**Records supplied:**
- - -
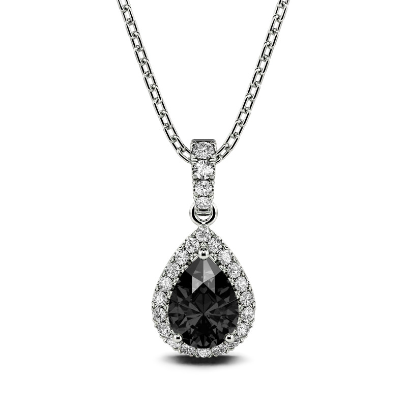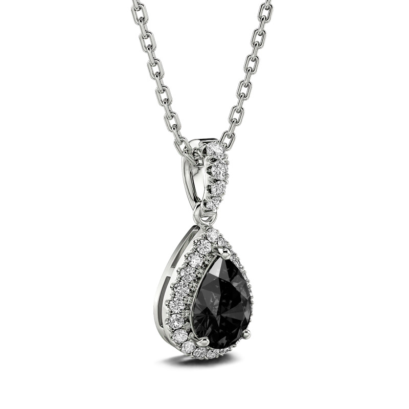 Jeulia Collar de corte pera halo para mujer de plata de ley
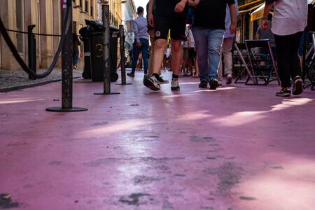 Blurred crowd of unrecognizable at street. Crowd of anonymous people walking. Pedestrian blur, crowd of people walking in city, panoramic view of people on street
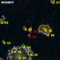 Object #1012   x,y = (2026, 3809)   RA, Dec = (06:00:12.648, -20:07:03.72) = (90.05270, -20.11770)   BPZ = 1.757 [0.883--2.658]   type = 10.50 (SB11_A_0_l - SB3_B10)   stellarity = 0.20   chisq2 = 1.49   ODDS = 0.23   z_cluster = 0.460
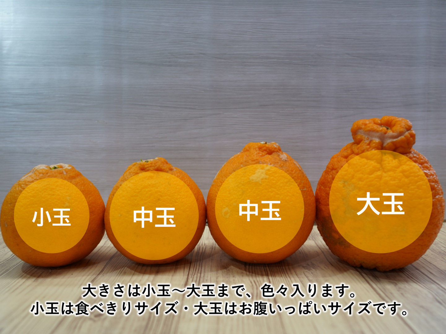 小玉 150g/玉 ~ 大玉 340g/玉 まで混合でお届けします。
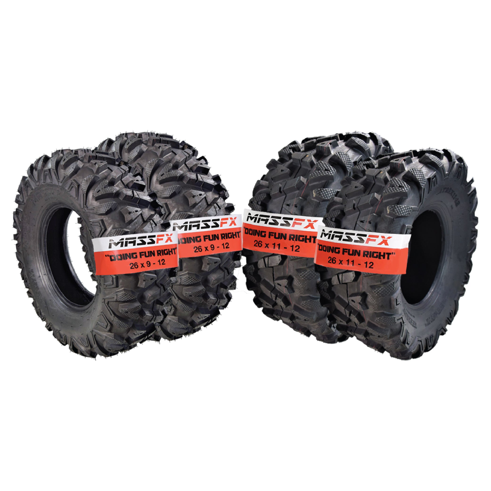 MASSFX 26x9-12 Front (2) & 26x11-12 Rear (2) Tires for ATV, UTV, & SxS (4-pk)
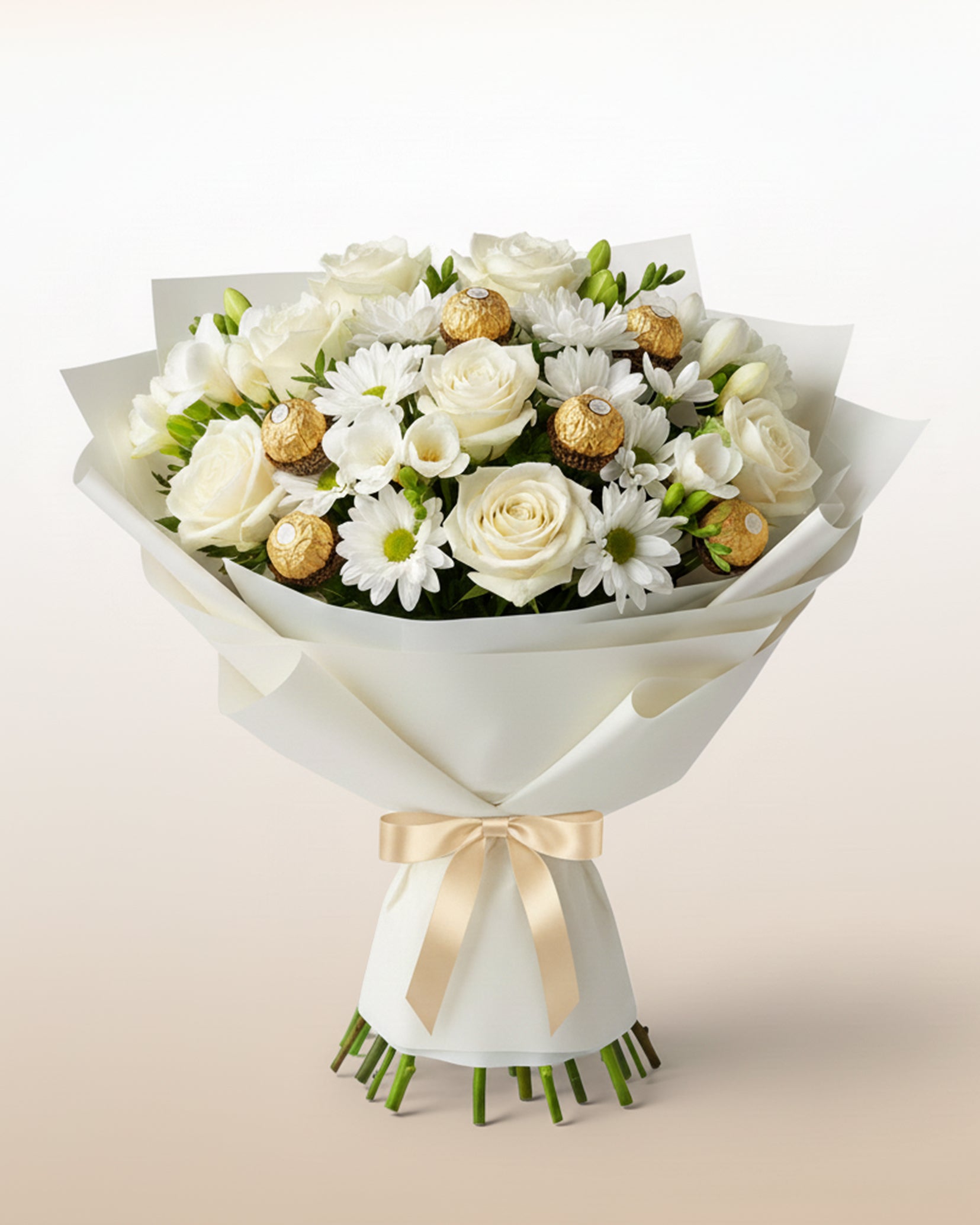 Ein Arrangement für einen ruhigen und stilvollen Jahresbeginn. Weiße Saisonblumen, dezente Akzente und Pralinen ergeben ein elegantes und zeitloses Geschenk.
- - -
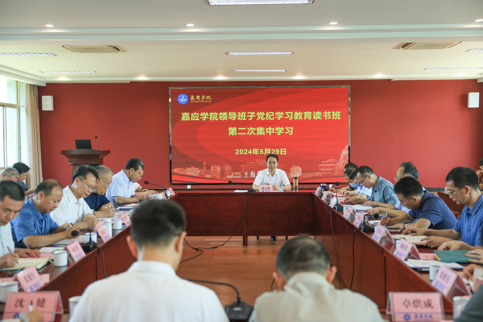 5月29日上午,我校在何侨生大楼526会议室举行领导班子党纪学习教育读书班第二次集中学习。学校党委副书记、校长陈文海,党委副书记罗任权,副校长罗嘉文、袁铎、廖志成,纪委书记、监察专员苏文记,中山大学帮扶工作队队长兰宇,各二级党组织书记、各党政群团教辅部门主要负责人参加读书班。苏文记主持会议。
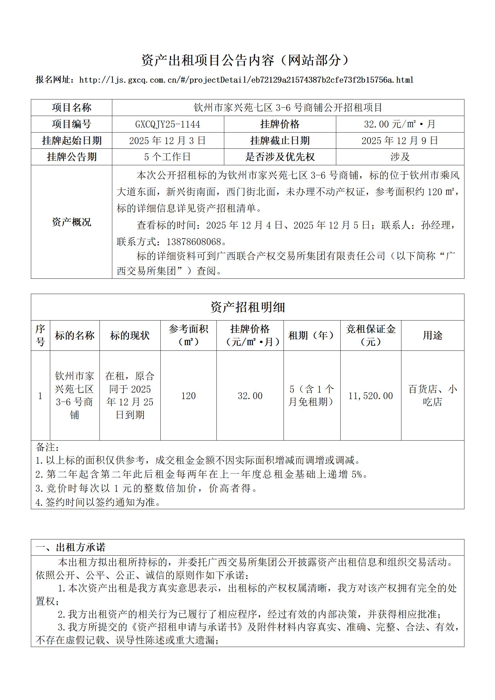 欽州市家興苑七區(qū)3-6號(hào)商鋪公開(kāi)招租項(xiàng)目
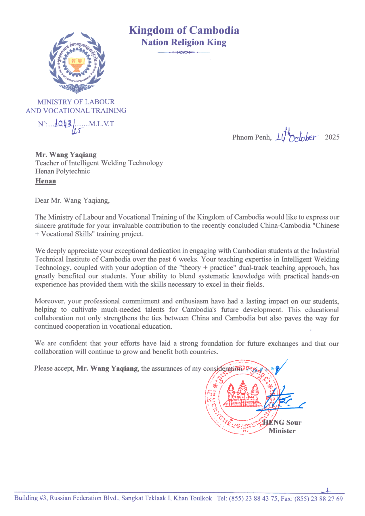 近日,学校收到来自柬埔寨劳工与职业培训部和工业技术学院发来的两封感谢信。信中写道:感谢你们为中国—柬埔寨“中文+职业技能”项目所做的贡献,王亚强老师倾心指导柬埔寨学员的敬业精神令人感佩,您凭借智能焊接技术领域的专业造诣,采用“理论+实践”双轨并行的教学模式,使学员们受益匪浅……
- - -
**Directions:**
Return exactly the lines above, from the one with "Object #1012   x,y" up to and including the one with "Ein Arrangement für", and include no pictures.

**Solution below:**
 Object #1012   x,y = (2026, 3809)   RA, Dec = (06:00:12.648, -20:07:03.72) = (90.05270, -20.11770)   BPZ = 1.757 [0.883--2.658]   type = 10.50 (SB11_A_0_l - SB3_B10)   stellarity = 0.20   chisq2 = 1.49   ODDS = 0.23   z_cluster = 0.460
 小玉 150g/玉 ~ 大玉 340g/玉 まで混合でお届けします。
 MASSFX 26x9-12 Front (2) & 26x11-12 Rear (2) Tires for ATV, UTV, & SxS (4-pk)
 Ein Arrangement für einen ruhigen und stilvollen Jahresbeginn. Weiße Saisonblumen, dezente Akzente und Pralinen ergeben ein elegantes und zeitloses Geschenk.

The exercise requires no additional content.